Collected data
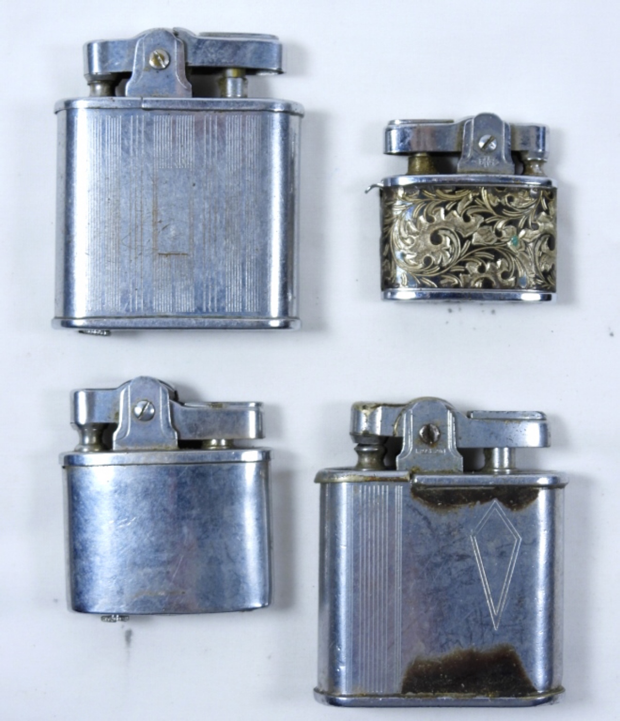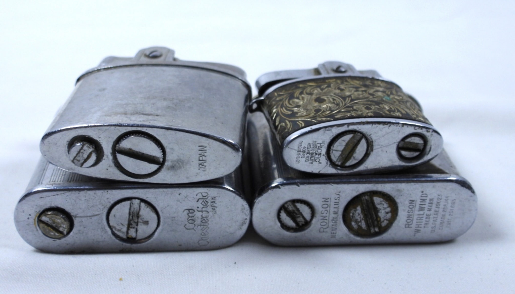 4 HAND HELD LIGHTERS LOT- LORD CHESTERFIELD- FIRED. RONSON-FIRED. PACIFIC- FIRED. THE LAST HAND HELD LIGHTER DOES NOT HAVE A BRAND MARK ON IT. ALL OF THESE LIGHTERS SHOW SOME WEAR PREOWNED. ALL OF THESE LIGHTERS ARE IN
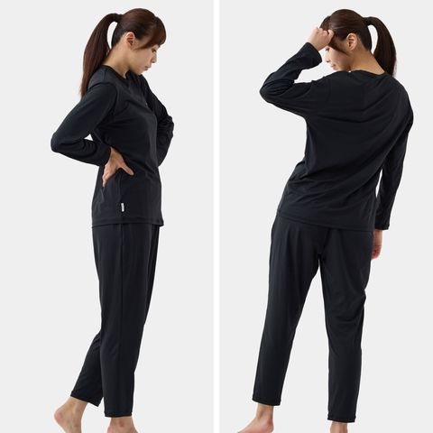 VENEX ベネクス リフレッシュ レディース 長袖Tシャツ 8分丈パンツ 上下セット 全方位ストレッチ 吸水速乾 ポケット付 ブラック L
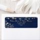 Elégant, moderne, rustique bois bleu marine mariage de retour d'adresse label avec faux or de dentelle florale et des lumières à cordes.
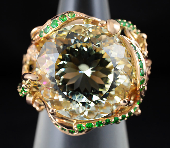 Кольцо с цитрином, цаворитами гранатами, рубинами и бриллиантами
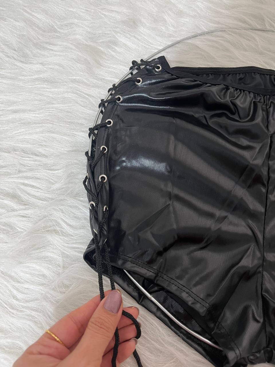 شورت فانتزی چرمی زنانه بغل بندی فری سایز 36 تا 42 میخوره
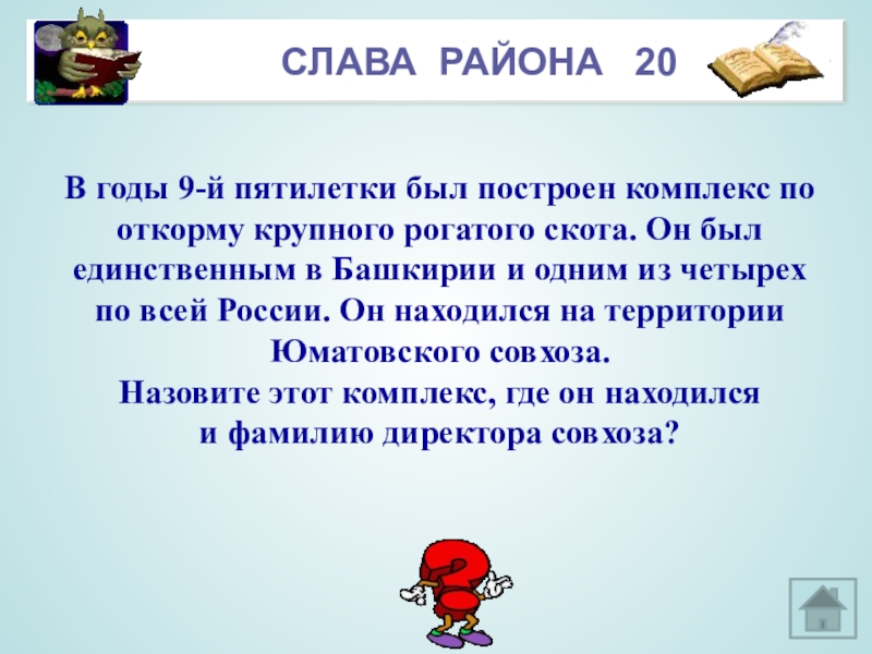 откорму крупного рогатого скота. Он был единственным в Башкирии и одним из четырех по всей России. Он находился на территории Юматовского совхоза.
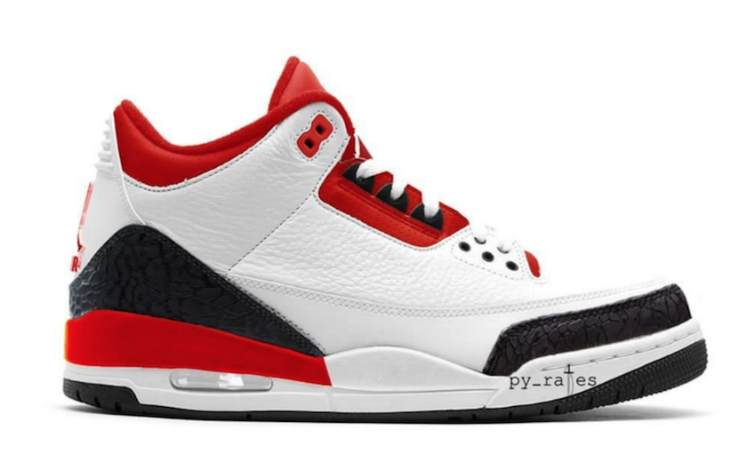 随着黑水泥等配色的相继确定,Air Jordan 3 三十周年的大幕也缓缓拉开。近日,又一双名为 “Fire Red” 配色的 Air Jordan 3 被 @py_rates 曝光,但也仅仅只是释出渲染图而已。
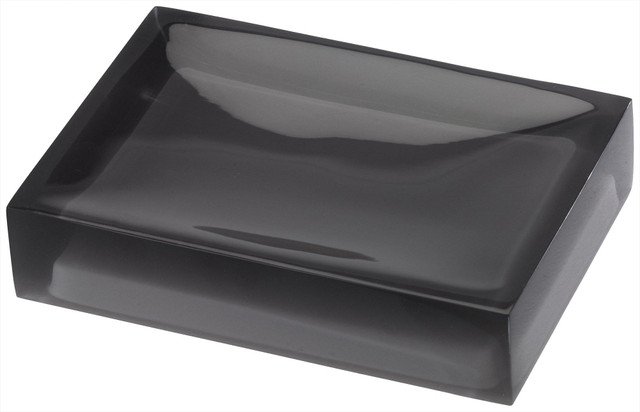 The Avanti Soho Soap Dish features a grey-tinted clear design for a clean, contemporary look. Crafted of durable resin. Measures: 4.9 x 3.2 x 1 inches.
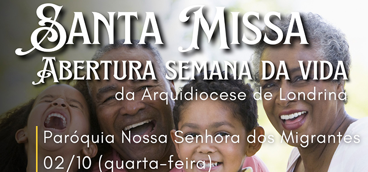 A Arquidiocese de Londrina abre hoje, 2 de outubro, a Semana Nacional da Vida, com a Santa Missa presidida pelo arcebispo dom Geremias Steinmetz na Paróquia Nossa Senhora dos Migrantes, em Cambé, às 19h30. A Missa será concelebrada pelo padre Wilson Marciano, SF, assessor da Pastoral Familiar e pároco da…
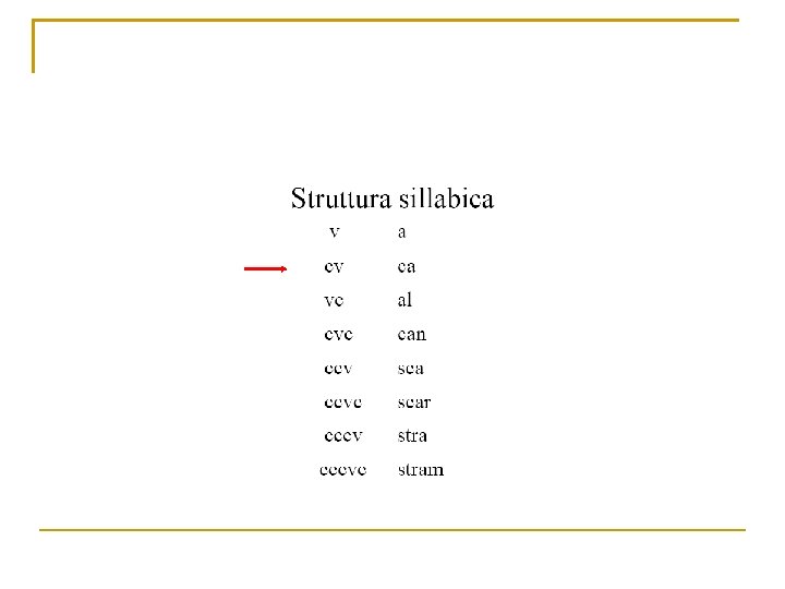 Confronto tra sillabe e fonemi sillaba fonema Segmento acustico sublessicale Struttura fonologica superficiale profonda Dimensione/durata Maggiore, di solito composta da due o più fonemi Minore, unitaria, “indivisibile” Autonomia articolatoria Si (evento percettivo ben definito) No, atto articolatorio incompleto, sospeso Invarianza acustica e percettiva Si (è uguale a se stessa No, l’acustica cambia in in ogni parola in cui base alla combinazione compare) fonemica Posizione nella corrente contigue acustica fusi
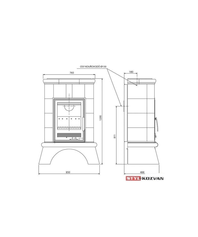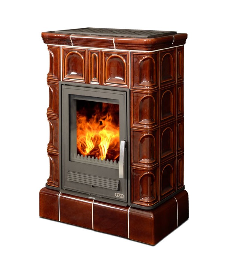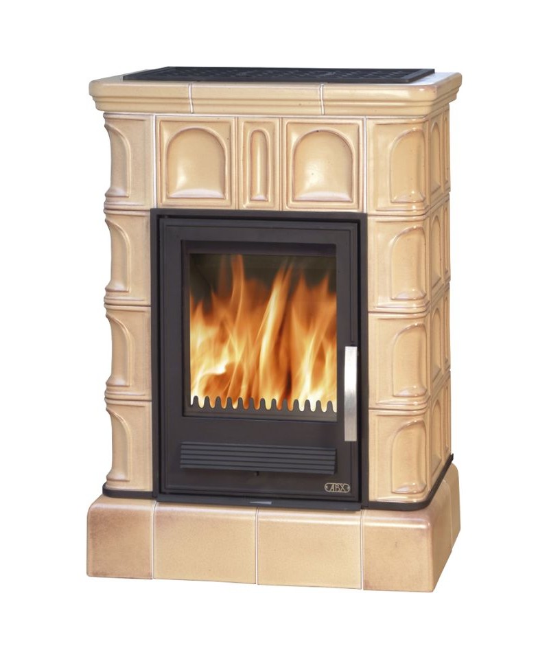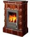 Teplovodná kachľová pec BRITANIA K - kachľová pec klasického dizajnu s kombinovanou vložkou liatina/plech vo farebných prevedeniach torf, ahorn, tabakbraun, zelená, hnedá, perle a cappuccino. Možnosť využitia horného a zadného vývodu dymovodu. Teplovodný výmenník (6,9 kW voda + 3,5 vzduch).
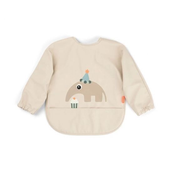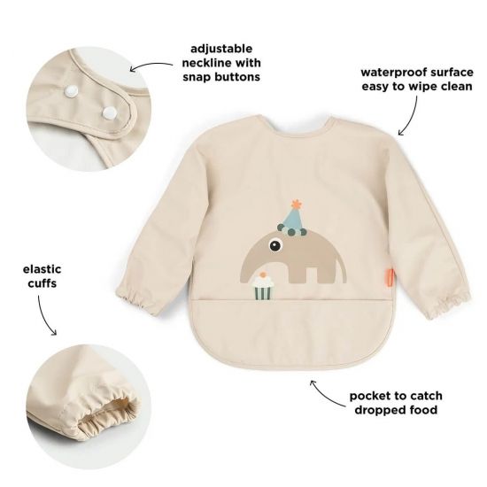 Su superficie impermeable garantiza que la ropa se mantenga limpia y se limpia sin esfuerzo después de las comidas sucias. Cuando necesite una limpieza a fondo, basta con lavarlo a máquina a 30 °C y estará listo de nuevo. El bolsillo incorporado recoge la comida que se cae, minimizando el desorden. Con un práctico cierre de velcro, vestir a tu hijo es fácil y rápido.
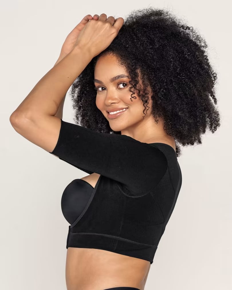 This shaper vest is made of our signature SkinFuse® super comfy compression fabric to smooth out your upper arms and your back. It has short sleeves to smooth out your upper arms. The criss-cross posture corrector bands in the back offer back support. Its open bust design lets you wear your own bra underneath, and it has a special design in the front to lightly center the bust. A 4-level front hook-and-eye closure lets you create the perfect fit. Plus, our seamless fabric won’t show under your clothes.
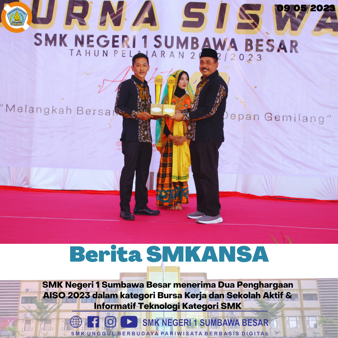 [BERITA SMKANSA] Malam Anugerah Istimewa Sekolah ( AISO ) Tahun 2023, Alhamdulillah SMKN 1 Sumbawa Besar berturut turut 2 Tahun mendapatkan AISO , malam ini mendapatkan 2 kategori Sekolah Aktif & Informasi Teknologi Jenjang SMK dan kategori Bursa Kerja SMK Terbaik. Selamat buat keluarga besar SMKN 1 Sumbawa. #SMKANSA #smkbisa #smkhebat #smkluarbiasa
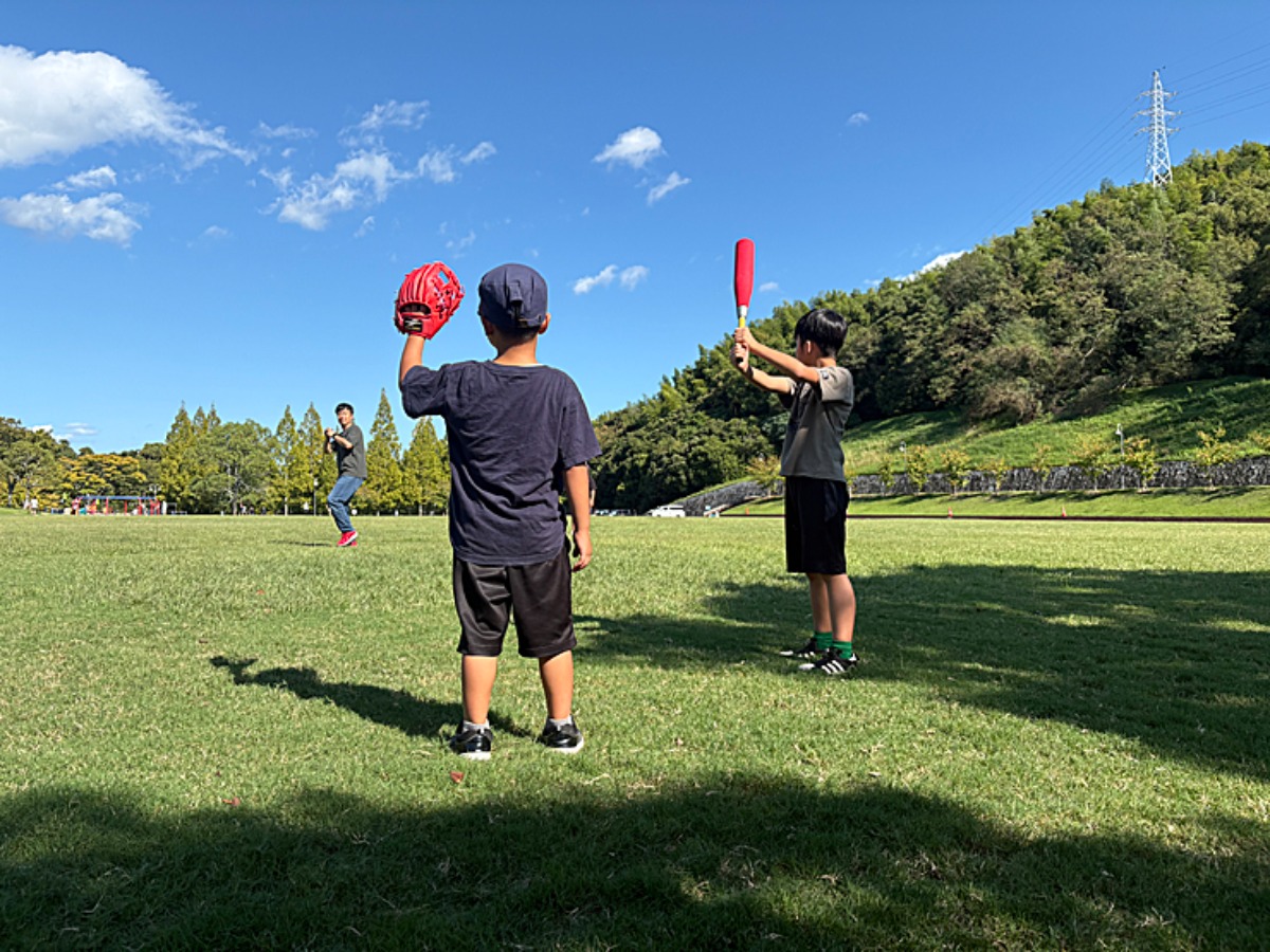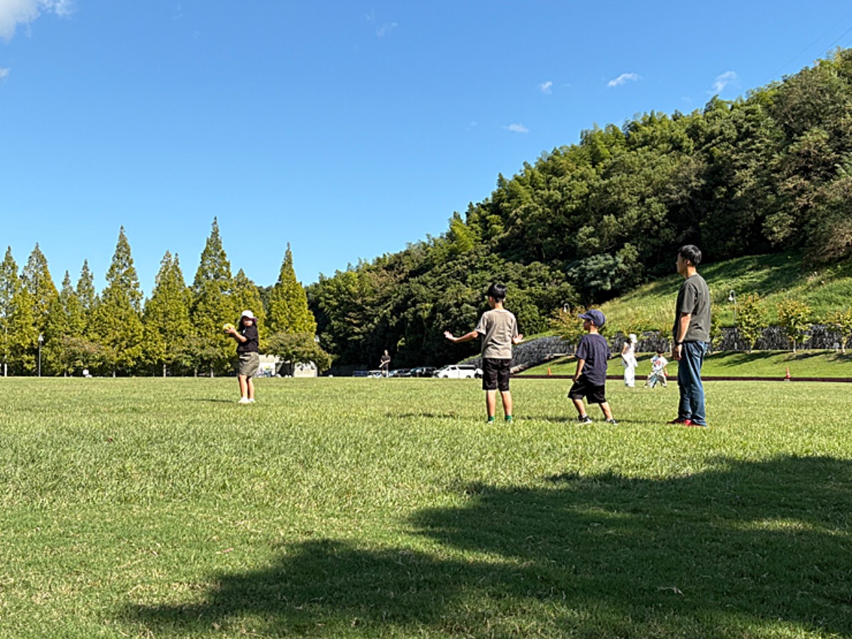 目の前いっぱいに広がる芝生広場は、どこを見ても緑が美しく、子どもたちは走り回ったり、ボール遊びをしたりと、思いっきり体を動かして大はしゃぎ。
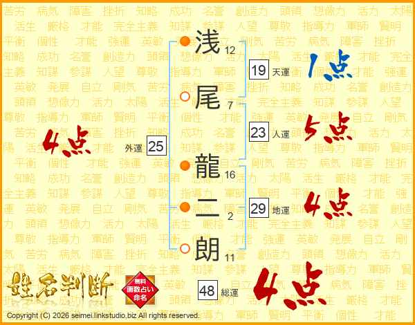 浅尾龍二朗さんの総運は48画の4点!
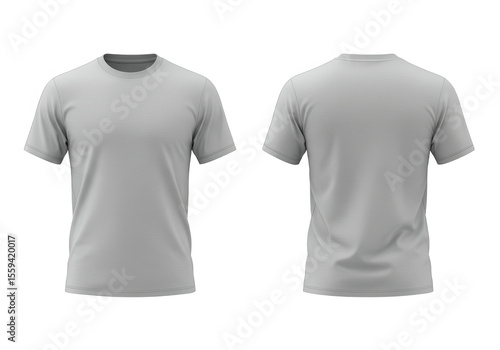 A simple grey tshirt is displayed from the front and back, isolated on transparent background, suitable for various design projects
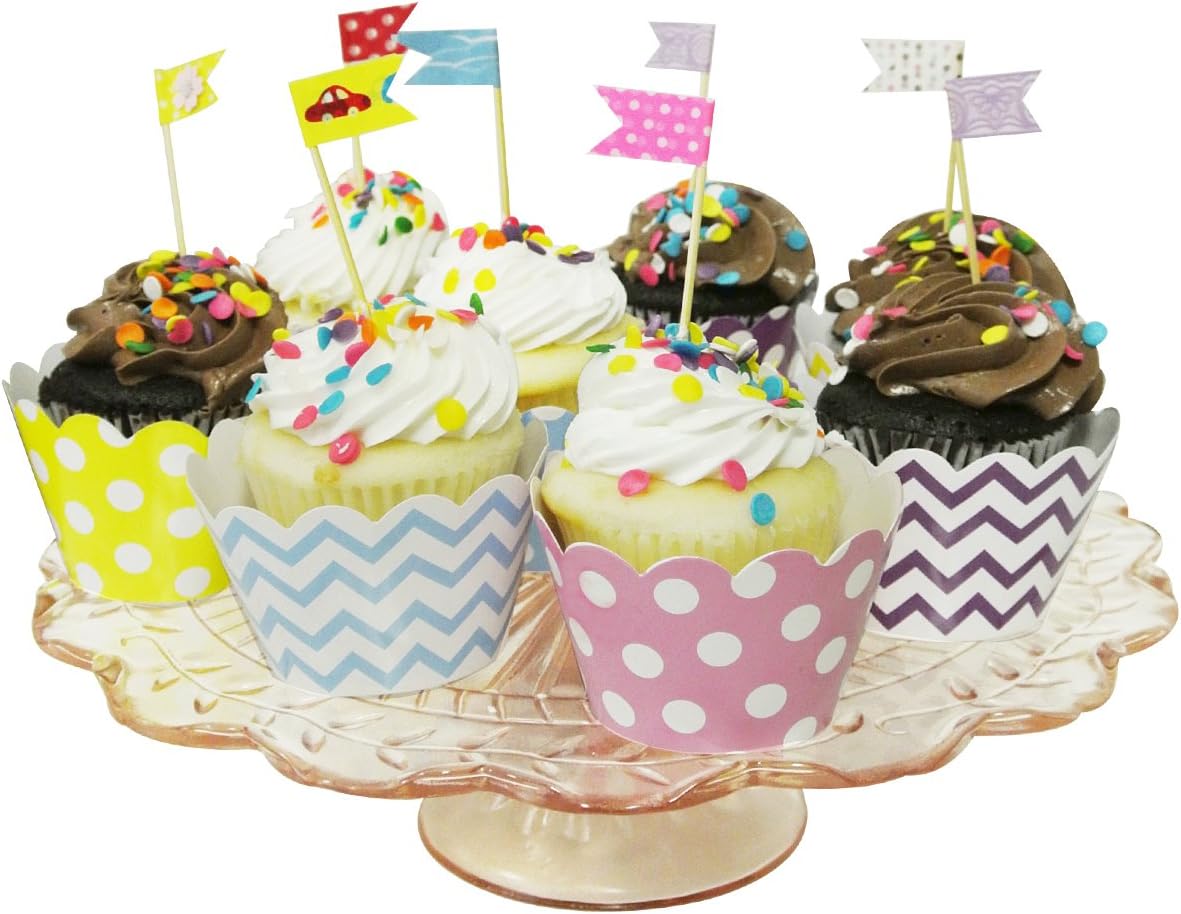 Perfetto per feste di compleanno, feste di addio al nubilato, eventi speciali e molto altro ancora Per assemblare, far scorrere la linguetta nella fessura pretagliata; posizionare il cupcake cotto nel wrapper assemblato e decorare; non adatto al forno; non cuocere negli involucri Set di 60 pirottini per cupcake, non include cupcake Dimensioni: 3,25 "W x 2" H; Adatto per cupcake di dimensioni standard; Materiale: Cartone Crea i tuoi plettri per decorazioni; utilizza il nostro nastro adesivo colorato per avvolgere gli stuzzicadenti o qualsiasi altro plettro per alimenti e ritagliare la forma desiderata

■ Task objective:
Omit the pictures and set down the records exactly.

■ Answer area:
 4 HAND HELD LIGHTERS LOT- LORD CHESTERFIELD- FIRED. RONSON-FIRED. PACIFIC- FIRED. THE LAST HAND HELD LIGHTER DOES NOT HAVE A BRAND MARK ON IT. ALL OF THESE LIGHTERS SHOW SOME WEAR PREOWNED. ALL OF THESE LIGHTERS ARE IN
 VENEX ベネクス リフレッシュ レディース 長袖Tシャツ 8分丈パンツ 上下セット 全方位ストレッチ 吸水速乾 ポケット付 ブラック L
 Elégant, moderne, rustique bois bleu marine mariage de retour d'adresse label avec faux or de dentelle florale et des lumières à cordes.
 Кольцо с цитрином, цаворитами гранатами, рубинами и бриллиантами
 شورت فانتزی چرمی زنانه بغل بندی فری سایز 36 تا 42 میخوره
 откорму крупного рогатого скота. Он был единственным в Башкирии и одним из четырех по всей России. Он находился на территории Юматовского совхоза.
 随着黑水泥等配色的相继确定,Air Jordan 3 三十周年的大幕也缓缓拉开。近日,又一双名为 “Fire Red” 配色的 Air Jordan 3 被 @py_rates 曝光,但也仅仅只是释出渲染图而已。
 The Avanti Soho Soap Dish features a grey-tinted clear design for a clean, contemporary look. Crafted of durable resin. Measures: 4.9 x 3.2 x 1 inches.
 A Arquidiocese de Londrina abre hoje, 2 de outubro, a Semana Nacional da Vida, com a Santa Missa presidida pelo arcebispo dom Geremias Steinmetz na Paróquia Nossa Senhora dos Migrantes, em Cambé, às 19h30. A Missa será concelebrada pelo padre Wilson Marciano, SF, assessor da Pastoral Familiar e pároco da…
 Confronto tra sillabe e fonemi sillaba fonema Segmento acustico sublessicale Struttura fonologica superficiale profonda Dimensione/durata Maggiore, di solito composta da due o più fonemi Minore, unitaria, “indivisibile” Autonomia articolatoria Si (evento percettivo ben definito) No, atto articolatorio incompleto, sospeso Invarianza acustica e percettiva Si (è uguale a se stessa No, l’acustica cambia in in ogni parola in cui base alla combinazione compare) fonemica Posizione nella corrente contigue acustica fusi
 Teplovodná kachľová pec BRITANIA K - kachľová pec klasického dizajnu s kombinovanou vložkou liatina/plech vo farebných prevedeniach torf, ahorn, tabakbraun, zelená, hnedá, perle a cappuccino. Možnosť využitia horného a zadného vývodu dymovodu. Teplovodný výmenník (6,9 kW voda + 3,5 vzduch).
 Su superficie impermeable garantiza que la ropa se mantenga limpia y se limpia sin esfuerzo después de las comidas sucias. Cuando necesite una limpieza a fondo, basta con lavarlo a máquina a 30 °C y estará listo de nuevo. El bolsillo incorporado recoge la comida que se cae, minimizando el desorden. Con un práctico cierre de velcro, vestir a tu hijo es fácil y rápido.
 This shaper vest is made of our signature SkinFuse® super comfy compression fabric to smooth out your upper arms and your back. It has short sleeves to smooth out your upper arms. The criss-cross posture corrector bands in the back offer back support. Its open bust design lets you wear your own bra underneath, and it has a special design in the front to lightly center the bust. A 4-level front hook-and-eye closure lets you create the perfect fit. Plus, our seamless fabric won’t show under your clothes.
 [BERITA SMKANSA] Malam Anugerah Istimewa Sekolah ( AISO ) Tahun 2023, Alhamdulillah SMKN 1 Sumbawa Besar berturut turut 2 Tahun mendapatkan AISO , malam ini mendapatkan 2 kategori Sekolah Aktif & Informasi Teknologi Jenjang SMK dan kategori Bursa Kerja SMK Terbaik. Selamat buat keluarga besar SMKN 1 Sumbawa. #SMKANSA #smkbisa #smkhebat #smkluarbiasa
 目の前いっぱいに広がる芝生広場は、どこを見ても緑が美しく、子どもたちは走り回ったり、ボール遊びをしたりと、思いっきり体を動かして大はしゃぎ。
 浅尾龍二朗さんの総運は48画の4点!
 A simple grey tshirt is displayed from the front and back, isolated on transparent background, suitable for various design projects
 Perfetto per feste di compleanno, feste di addio al nubilato, eventi speciali e molto altro ancora Per assemblare, far scorrere la linguetta nella fessura pretagliata; posizionare il cupcake cotto nel wrapper assemblato e decorare; non adatto al forno; non cuocere negli involucri Set di 60 pirottini per cupcake, non include cupcake Dimensioni: 3,25 "W x 2" H; Adatto per cupcake di dimensioni standard; Materiale: Cartone Crea i tuoi plettri per decorazioni; utilizza il nostro nastro adesivo colorato per avvolgere gli stuzzicadenti o qualsiasi altro plettro per alimenti e ritagliare la forma desiderata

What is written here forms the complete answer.